_DATASET EXTRACT_
++++++

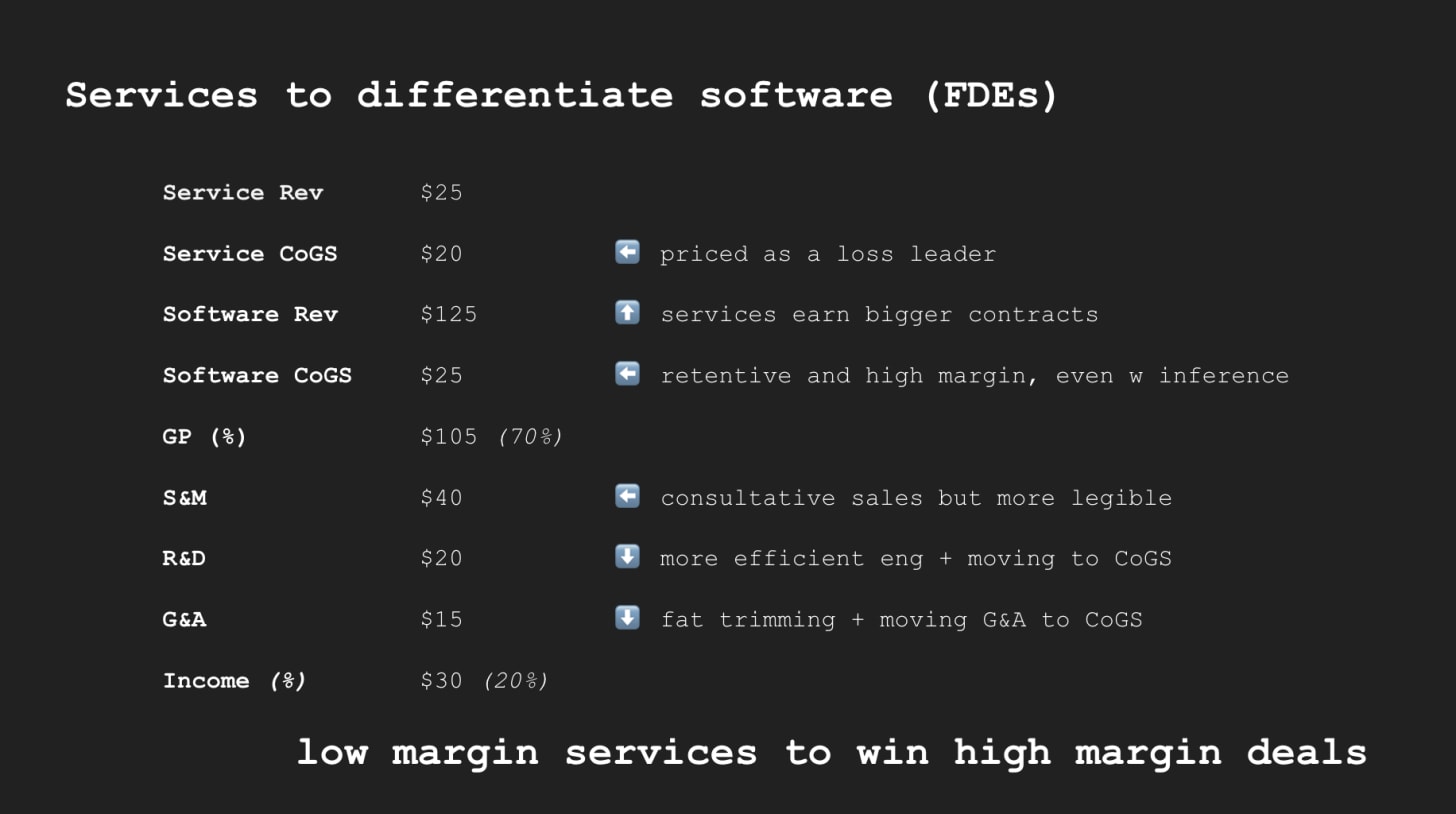 The point of forward deploying (often but not always engineers) will be unlocking/earning bigger and more retentive contracts at high margins (even if still a bit lower than today’s baseline because of inference). It’s reasonable to think of this as re-allocated, margin-generating marketing for the software business. And because you’re selling something clearer (”we’ll do the thing for you and it’ll work”) and you’re ultimately responsible for success, not them, the sales cycle is more efficient per dollar of revenue even though it’s consultative.
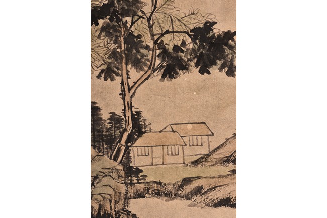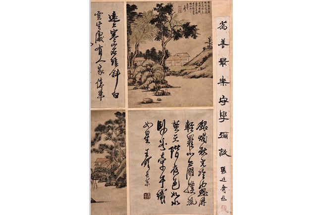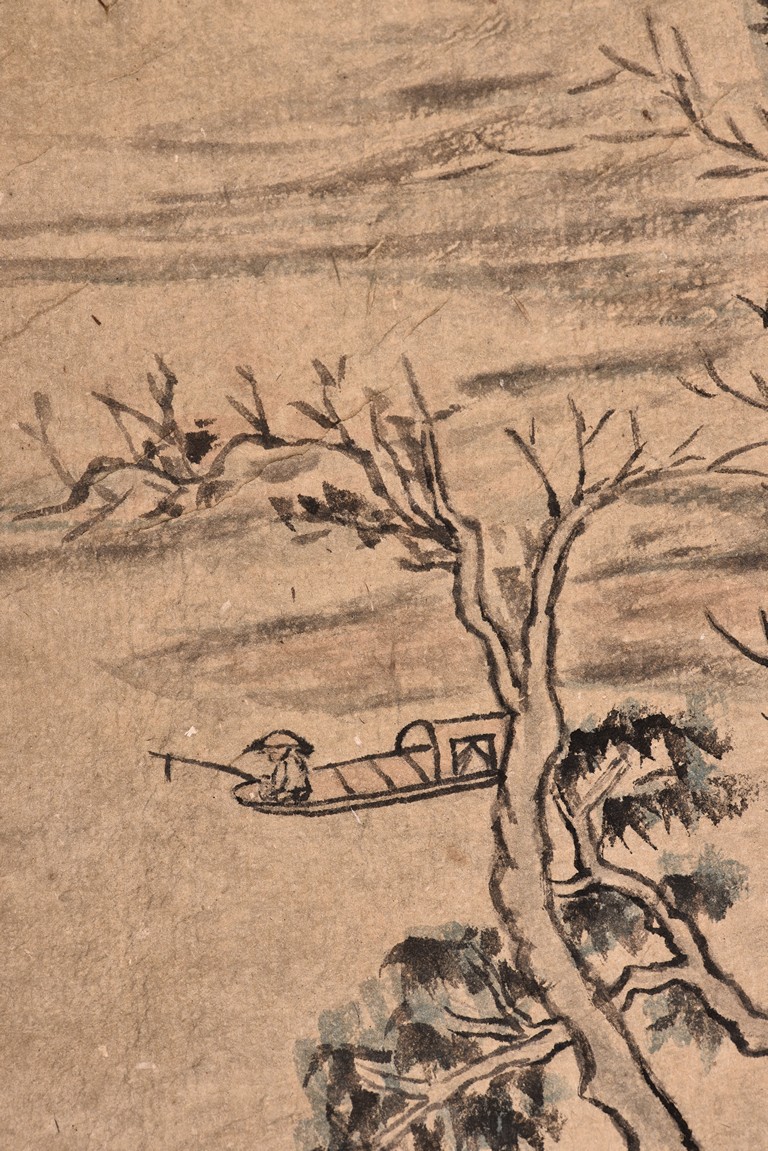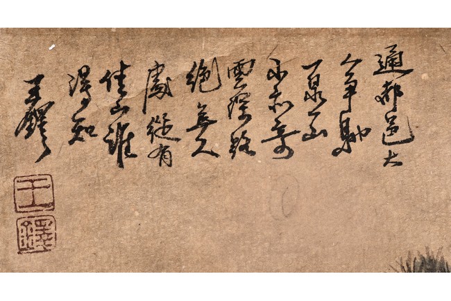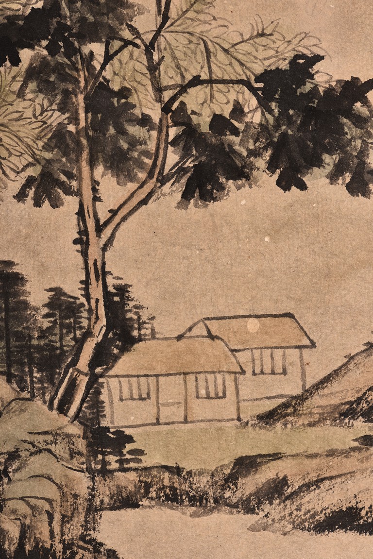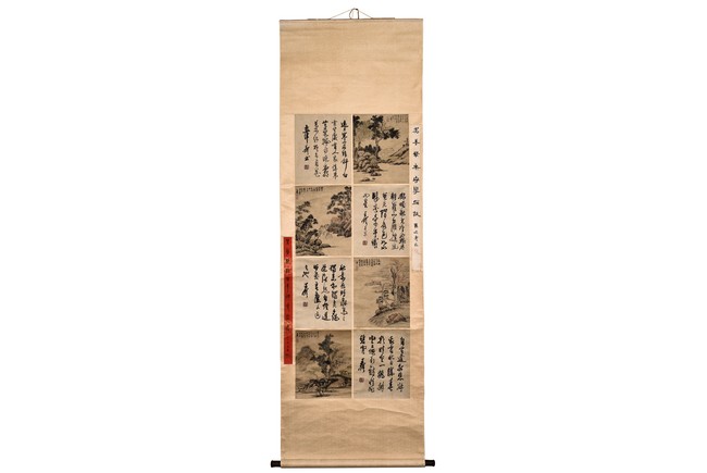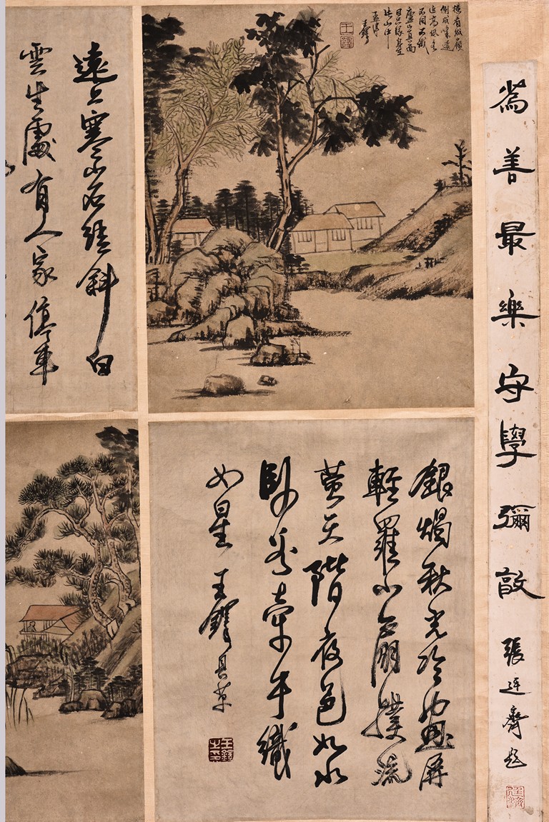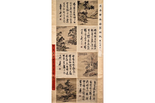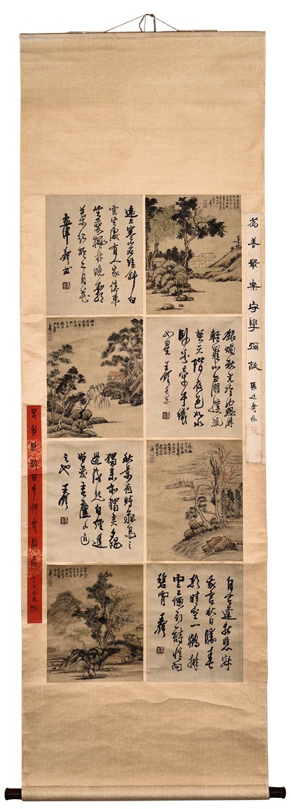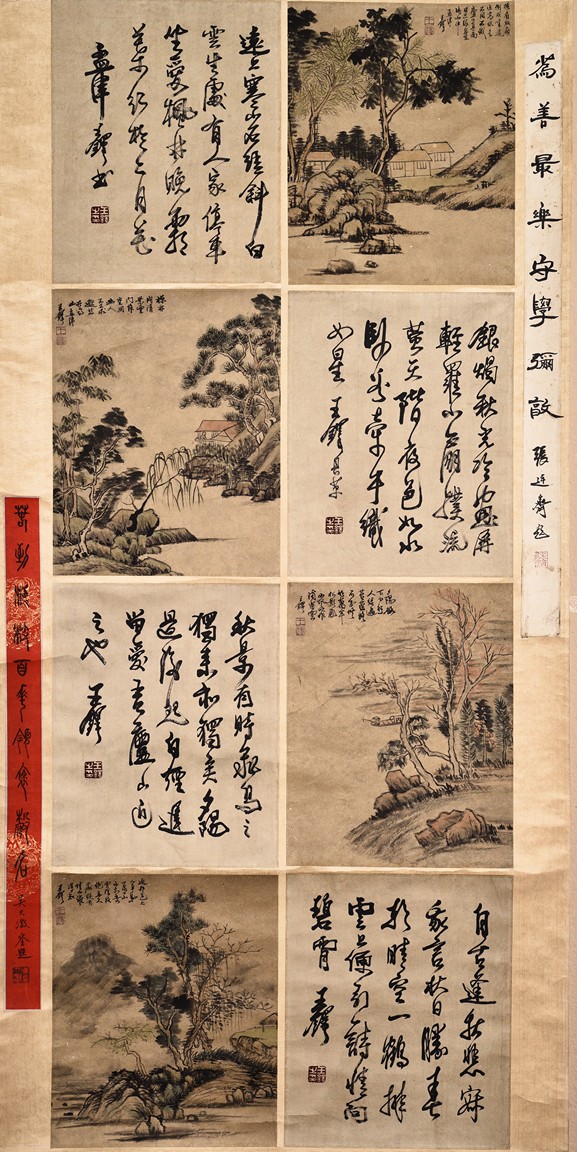 Autumn Scenery. Color and ink on paper. Eight leaves. Hanging scroll. Inscribed with poem, signed, and with three seal marks of the artist. Attributed to Wang Duo.
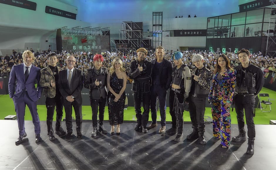 Ryan Reynolds, Adria Arjona, Mélanie Laurent, Ian Bryce, and Michael Bay attend the world premiere of Netflix’s 6 Underground in Seoul
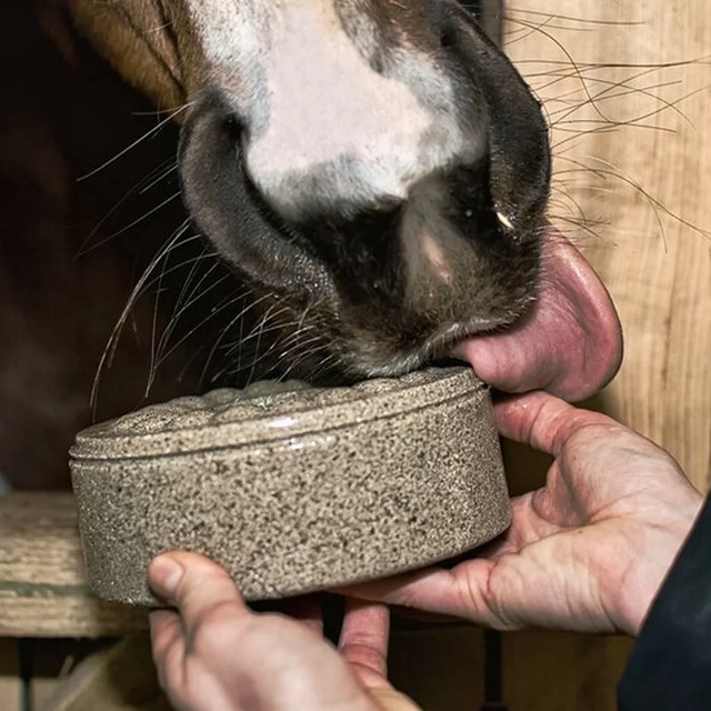 A natural feed supplement for horses and ponies, containing Himalayan salt and the organic volcanic clay mineral clinoptilolite-zeolite. This lick block provides a salty taste, supports mineral balance, and offers horses a natural and engaging activity in their daily environment.
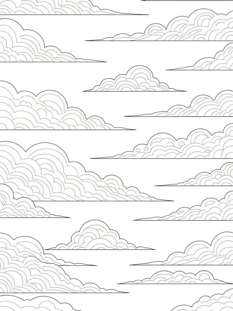 This coloring page is filled with rows of fluffy clouds drifting across an open sky. Each cloud is built from smooth repeating curves that layer gently on top of each other, creating a rhythmic and calming pattern. The lines are thin and consistent, giving the page a light airy feel without heavy detail. The layout feels spacious and balanced, making it easy to focus on one cloud at a time or treat the whole page like a soothing pattern play.
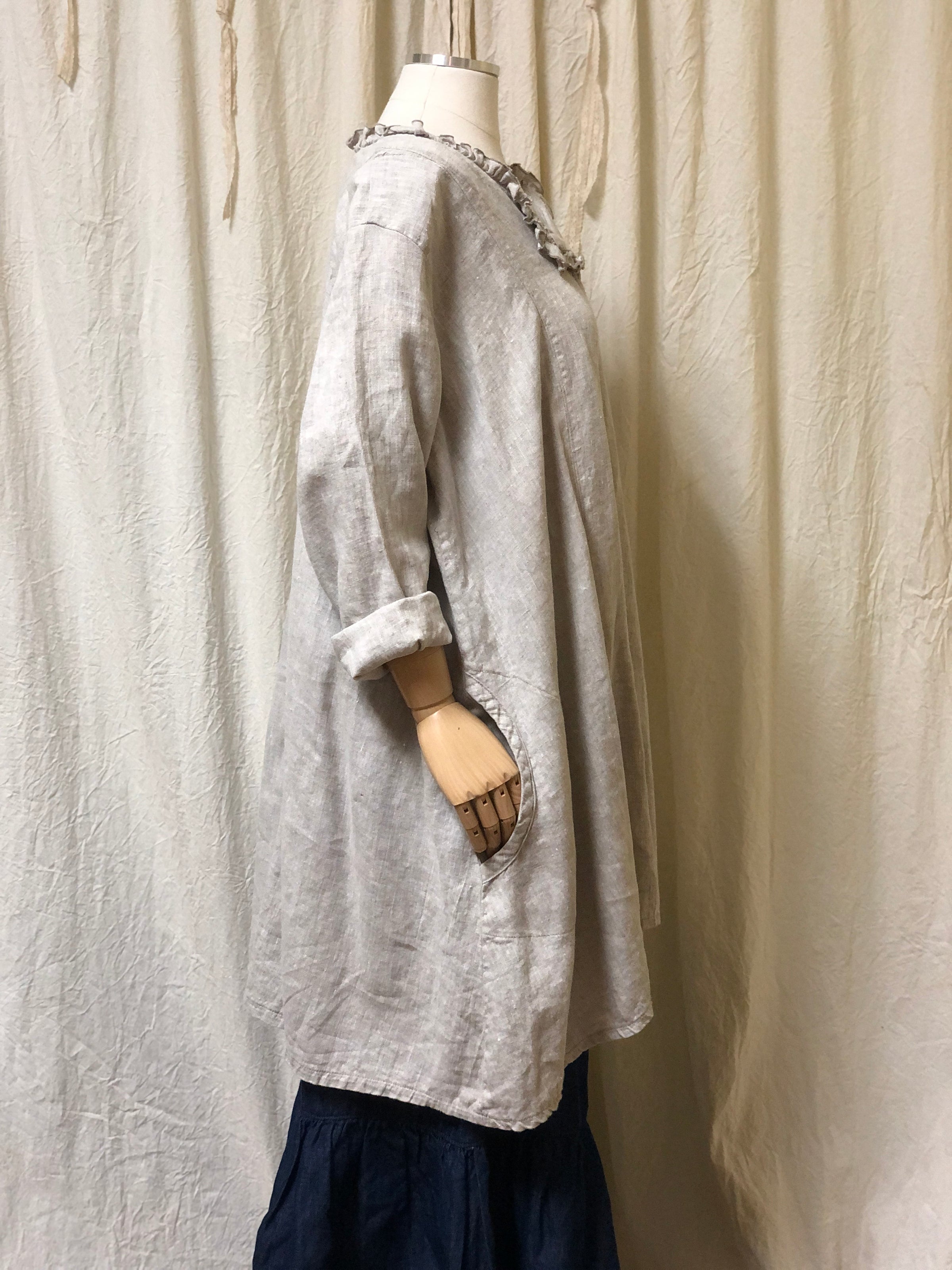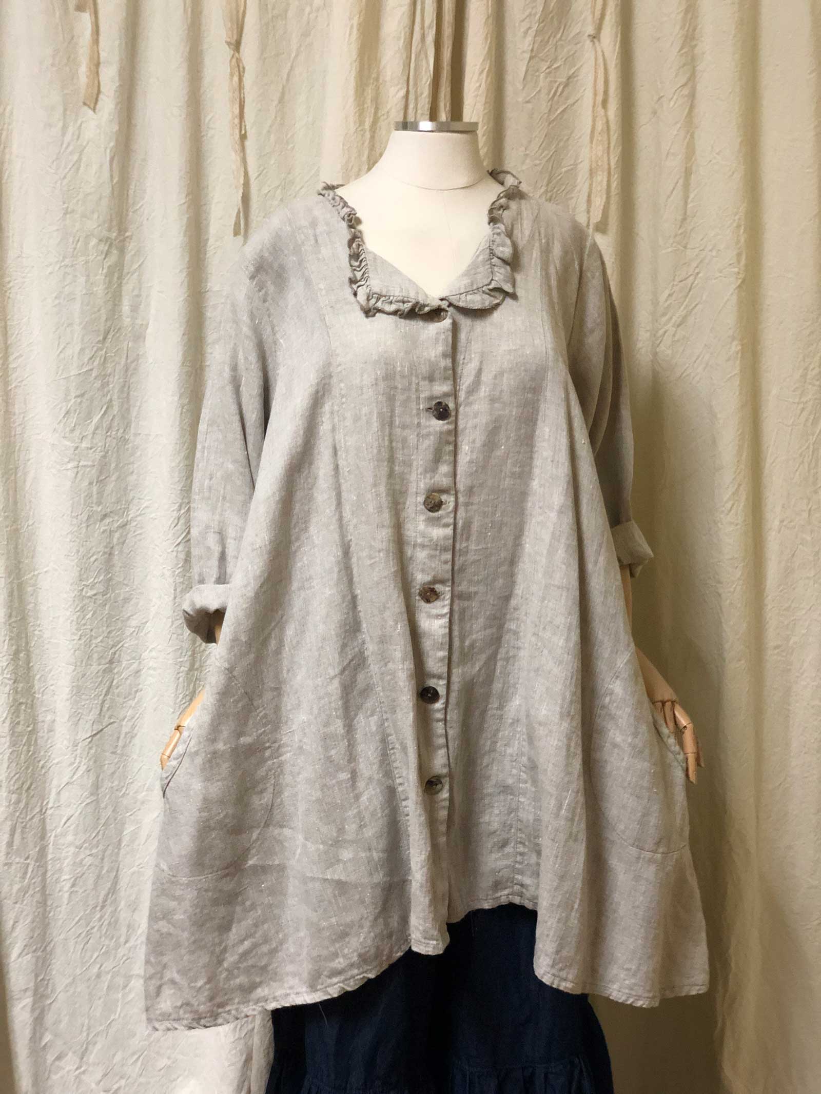 Long swing top with side pockets shell button front ruffle edge faux collar, a very easy comfortable yet stylish wear, can also be worn as a jacket. So adorable with crop pants, leggings, or jeans, also stunning over one of our slips or skirts. The  princess seam lines make for a very flattering silhouette. A dream to wear. Made in USA

++++++

_TRY IT_
Give the records back exactly, with no pictures.

_FINISHED TASK_
 The point of forward deploying (often but not always engineers) will be unlocking/earning bigger and more retentive contracts at high margins (even if still a bit lower than today’s baseline because of inference). It’s reasonable to think of this as re-allocated, margin-generating marketing for the software business. And because you’re selling something clearer (”we’ll do the thing for you and it’ll work”) and you’re ultimately responsible for success, not them, the sales cycle is more efficient per dollar of revenue even though it’s consultative.
 Autumn Scenery. Color and ink on paper. Eight leaves. Hanging scroll. Inscribed with poem, signed, and with three seal marks of the artist. Attributed to Wang Duo.
 Ryan Reynolds, Adria Arjona, Mélanie Laurent, Ian Bryce, and Michael Bay attend the world premiere of Netflix’s 6 Underground in Seoul
 A natural feed supplement for horses and ponies, containing Himalayan salt and the organic volcanic clay mineral clinoptilolite-zeolite. This lick block provides a salty taste, supports mineral balance, and offers horses a natural and engaging activity in their daily environment.
 This coloring page is filled with rows of fluffy clouds drifting across an open sky. Each cloud is built from smooth repeating curves that layer gently on top of each other, creating a rhythmic and calming pattern. The lines are thin and consistent, giving the page a light airy feel without heavy detail. The layout feels spacious and balanced, making it easy to focus on one cloud at a time or treat the whole page like a soothing pattern play.
 Long swing top with side pockets shell button front ruffle edge faux collar, a very easy comfortable yet stylish wear, can also be worn as a jacket. So adorable with crop pants, leggings, or jeans, also stunning over one of our slips or skirts. The  princess seam lines make for a very flattering silhouette. A dream to wear. Made in USA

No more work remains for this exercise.